Вера предков, народная
религия.
1.«То, что мы именуем
Язычеством, суть Родная Вера (Веда), которая наиболее близка Душе Русского
Народа». «Благодаря обращению к архетипам Русской Души, наша Родная Вера будет
жить – несмотря на все гонения – пока на Земле живет хотя бы один Русский
Человек». («Родные Боги», 2001. Орфография сохранена.)
Итак, один из главных аргументов
в пользу язычества, на котором особенно настаивают современные российские
неоязычники – язычество («Родноверие» и т.п.) свойственно русскому народу,
христианство же навязано ему насильно. Язычество есть уважение своих предков,
продолжение их традиций.
Рассмотрим это утверждение с
нескольких позиций. Прежде всего – что такое русский народ? Далее – как
выходит, что язычество свойственно русской душе? И наконец – может ли служить
национальность аргументом в пользу той или иной веры?
2.До крещения Руси на территории
Европейской России обитало множество племен – древляне, кривичи и т.д.

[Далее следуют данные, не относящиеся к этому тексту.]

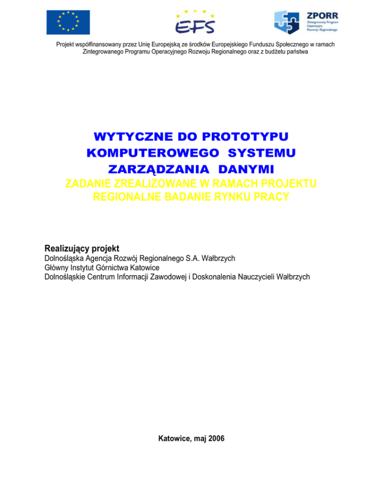 Projekt współfinansowany przez Unię Europejską ze środków Europejskiego Funduszu Społecznego w ramach Zintegrowanego Programu Operacyjnego Rozwoju Regionalnego oraz z budżetu państwa WYTYCZNE DO PROTOTYPU KOMPUTEROWEGO SYSTEMU ZARZĄDZANIA DANYMI ZADANIE ZREALIZOWANE W RAMACH PROJEKTU REGIONALNE BADANIE RYNKU PRACY Realizujący projekt Dolnośląska Agencja Rozwój Regionalnego S.A. Wałbrzych Główny Instytut Górnictwa Katowice Dolnośląskie Centrum Informacji Zawodowej i Doskonalenia Nauczycieli Wałbrzych Katowice, maj 2006 Projekt współfinansowany przez Unię Europejską ze środków Europejskiego Funduszu Społecznego w ramach Zintegrowanego Programu Operacyjnego Rozwoju Regionalnego oraz z budżetu państwa Spis treści: 1. Uwagi wprowadzające........................................................................................................ 4 2. Główne cele budowy i aplikacji komputerowego systemu zarządzania danymi .............. 5 2.1. Zakres przedmiotowy pracy ...................................................................................... 5 2.2. Przestrzenny zakres pracy ......................................................................................... 6 2.3. Czasowy zakres pracy............................................................................................... 6 2.4. Problemowy zakres pracy ......................................................................................... 6 3. Założenia funkcjonalne w układzie wielowariantowych i szczegółowych charakterystyk komputerowego systemu zarządzania danymi ....................................... 8 4. Parametry pracy komputerowego systemu zarządzania danymi (KSZD) ......................11 5. Struktura aplikacyjna komputerowego systemu zarządzania danymi w układzie danych źródłowych wtórnych i pierwotnych...................................................................14 6. Powiązanie poszczególnych elementów komputerowego systemu zarządzania danymi w logiczną całość w układzie użytkownik – beneficjent.....................................17 6.1. Uwagi wprowadzające .............................................................................................17 6.2. Struktura baz danych................................................................................................17 6.3. Ustalenie parametrów pracy komputerowego systemy zarządzania danymi..............18 6.4. Bank danych o odpadach stałych........................... Błąd! Nie zdefiniowano zakładki. 7. Moduły i algorytmy odzwierciedlające przyjęte metody i techniki realizacji zadań stawianych przed komputerowym systemem zarządzania danymi ................................19 7.1. Uwagi wprowadzające .............................................................................................19 7.2. Klasyfikacja algorytmów .........................................................................................20 7.3. Błędy w implementacji ............................................................................................21 7.4. Ograniczenia algorytmów ........................................................................................22 7.5. Wymagania systemowe............................................................................................18 7.6. Zasady współpracy w układzie aplikacja – użytkownik ............................................25 8. Metody i techniki służące do rozwiązywania postawionych przed aplikacją komputerowego systemu zarządzania danymi celów poznawczych i aplikacyjnych .....26 8.1. Uwagi wprowadzające .............................................................................................26 8.2. Miary średnie...........................................................................................................27 8.3. Miary średnie pozycyjne ..........................................................................................28 8.4. Miary rozproszenia ..................................................................................................28 8.5. Miary asymetrii........................................................................................................29 8.6. Miary koncentracji ...................................................................................................30 9. Współzależność zjawisk.....................................................................................................31 9.1. Uwagi wprowadzające .............................................................................................31 9.2. Test niezależności chi-kwadrat.................................................................................31 9.3. Współczynnik kontyngencji C Pearsona...................................................................32 9.4. Uwagi podsumowujące ............................................................................................32 10. Struktura aplikacji komputerowego systemu zarządzania danymi w układzie danych źródłowych wtórnych i pierwotnych – słowniki podstawowych pojęć używanych w systemie......................................................................................................36 10.1. Uwagi wprowadzające .............................................................................................36 10.2. Słowniki podstawowych pojęć .................................................................................37 10.3. Słownik nr 2 – klasyfikacja zawodów i specjalności – KZiS ....................................39 Projekt: „Regionalne badanie rynku pracy”. Realizujący: Dolnośląska Agencja Rozwój Regionalnego S.A. Wałbrzych, Główny Instytut Górnictwa Katowice, Dolnośląskie Centrum Informacji Zawodowej i Doskonalenia Nauczycieli Wałbrzych 2- Projekt współfinansowany przez Unię Europejską ze środków Europejskiego Funduszu Społecznego w ramach Zintegrowanego Programu Operacyjne

Русский народ как единое целое,
т.е. как группа людей, обладающих идентичным национальным самосознанием, где
каждый воспринимает себя прежде всего как представителя русского народа,
а не только древлян, кривичей и т.д. – начал складываться как раз с принятием
единой, обязательной для всех и, главное, единообразной веры – православия. Так
что если уж рассуждать, какая вера может быть «свойственна» русскому народу, то
естественно предположить, что эта вера, благодаря которой он и возник как народ
– православие.
3.Ладно, а вдруг действительно
язычество свойственно если уж не «русской душе», то «душе славянской», той
«душе», которая легла в основу русского народа?
Мне кажется, говорить о какой-то
особой религиозной склонности русского народа (или славян вообще) не
приходится. Большинство населения воспринимают религию как часть культурного
наследия – раньше они воспитывались в языческой среде и были язычниками, потом
воспитывались в православии – и были православными. Исключения можно назвать и
в ту, и в другую сторону. Да, были и в православном мире тайно исповедовавшие
язычество и проводившие соответствующие ритуалы, были и среди язычников
принявшие христианство (вспомнить ту же кн. Ольгу).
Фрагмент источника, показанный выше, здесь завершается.